Problem to work on
Copy out the data in full and exactly, passing over the pictures.

Records drawn from a dataset
*** Begin section ***

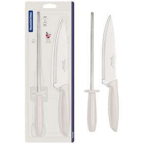 Quem ama cozinhar sabe que o preparo dos alimentos é feito por etapas, e ter em mãos utensílios específicos que possam facilitar esse processo, é indispensável. Por conta disso, esse excelente Conjunto Faca Chef e Chaira Plenus da Tramontina é perfeito!
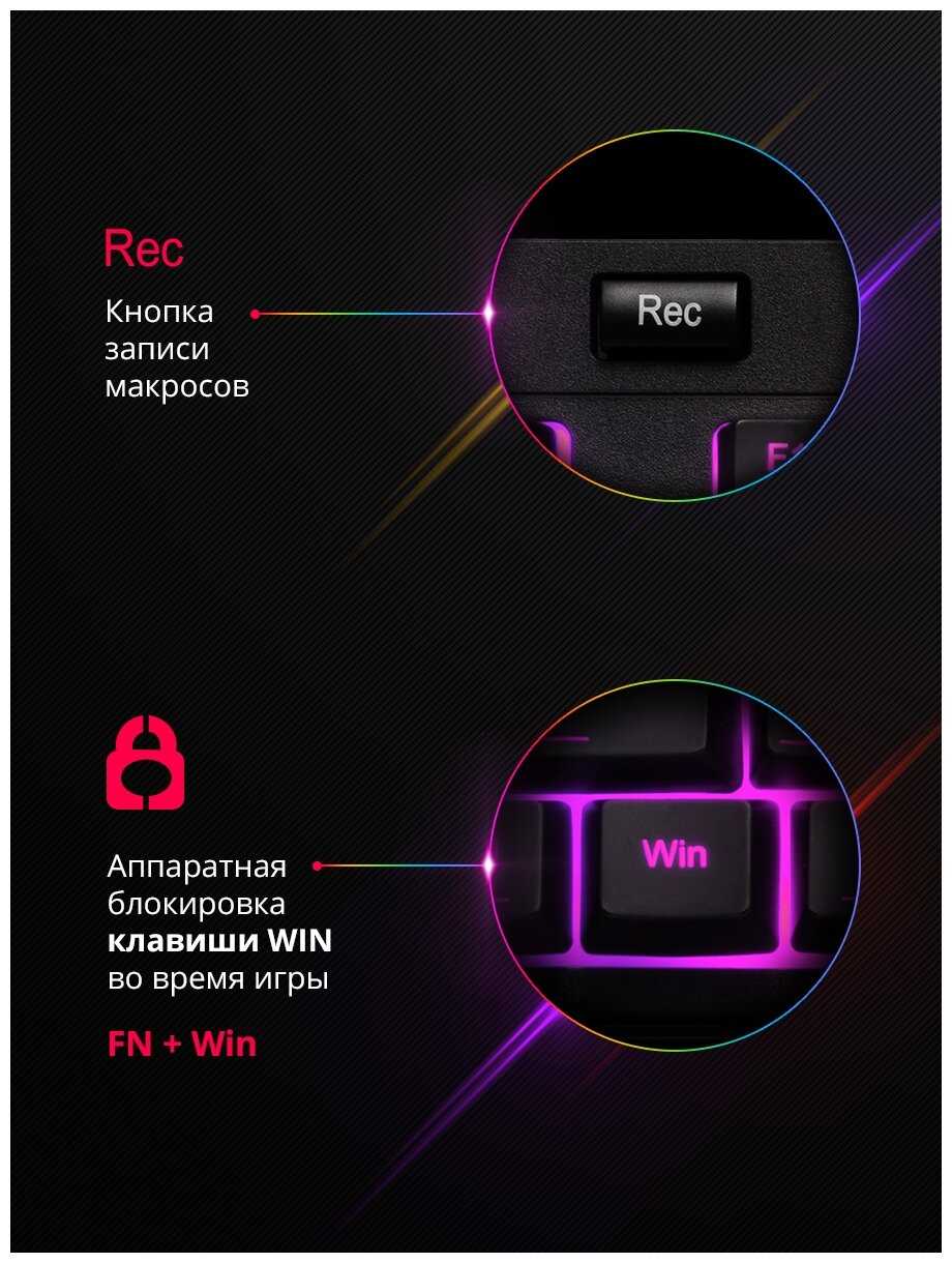 - 6 макроклавиш (G1-G6) позволяют назначать комбинации для игр и работы.
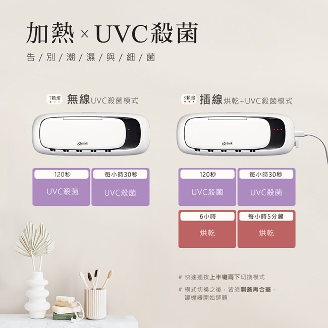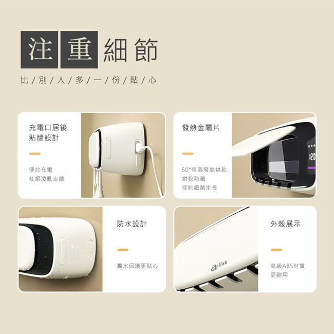 Arlink TS65 大容量4000Mah智慧紫外線消毒烘乾牙刷架-蝦
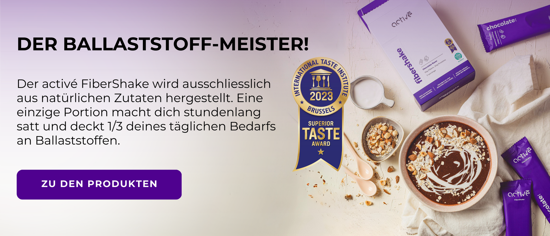 Die 10 g Ballaststoffmischung aus Flohsamenschalen, Inulin und Guarkernmehl deckt ein Drittel deiner täglich empfohlenen Ballaststoffzufuhr. Diese Ballaststoffe quellen durch die Flüssigkeit auf und sättigen dich für längere Zeit, sowie sorgen für deine Verdauung und die Gesundheit deiner Darmflora.
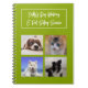 Anteckningsbok för hund- eller katt-sittare. Hjälper djurälskaren att hålla koll på sin verksamhet. Ljusgrön spiralbunden anteckningsbok med fyra bilder på katter och hundar på framsidan. Använd exempelbilderna om du vill, eller ersätt dem med dina egna favoritbilder. Anpassa med en titel i modern handstil längst upp. Använd för att organisera ett litet företag.

*** End section ***

Result of the exercise
 Quem ama cozinhar sabe que o preparo dos alimentos é feito por etapas, e ter em mãos utensílios específicos que possam facilitar esse processo, é indispensável. Por conta disso, esse excelente Conjunto Faca Chef e Chaira Plenus da Tramontina é perfeito!
 - 6 макроклавиш (G1-G6) позволяют назначать комбинации для игр и работы.
 Arlink TS65 大容量4000Mah智慧紫外線消毒烘乾牙刷架-蝦
 Die 10 g Ballaststoffmischung aus Flohsamenschalen, Inulin und Guarkernmehl deckt ein Drittel deiner täglich empfohlenen Ballaststoffzufuhr. Diese Ballaststoffe quellen durch die Flüssigkeit auf und sättigen dich für längere Zeit, sowie sorgen für deine Verdauung und die Gesundheit deiner Darmflora.
 Anteckningsbok för hund- eller katt-sittare. Hjälper djurälskaren att hålla koll på sin verksamhet. Ljusgrön spiralbunden anteckningsbok med fyra bilder på katter och hundar på framsidan. Använd exempelbilderna om du vill, eller ersätt dem med dina egna favoritbilder. Anpassa med en titel i modern handstil längst upp. Använd för att organisera ett litet företag.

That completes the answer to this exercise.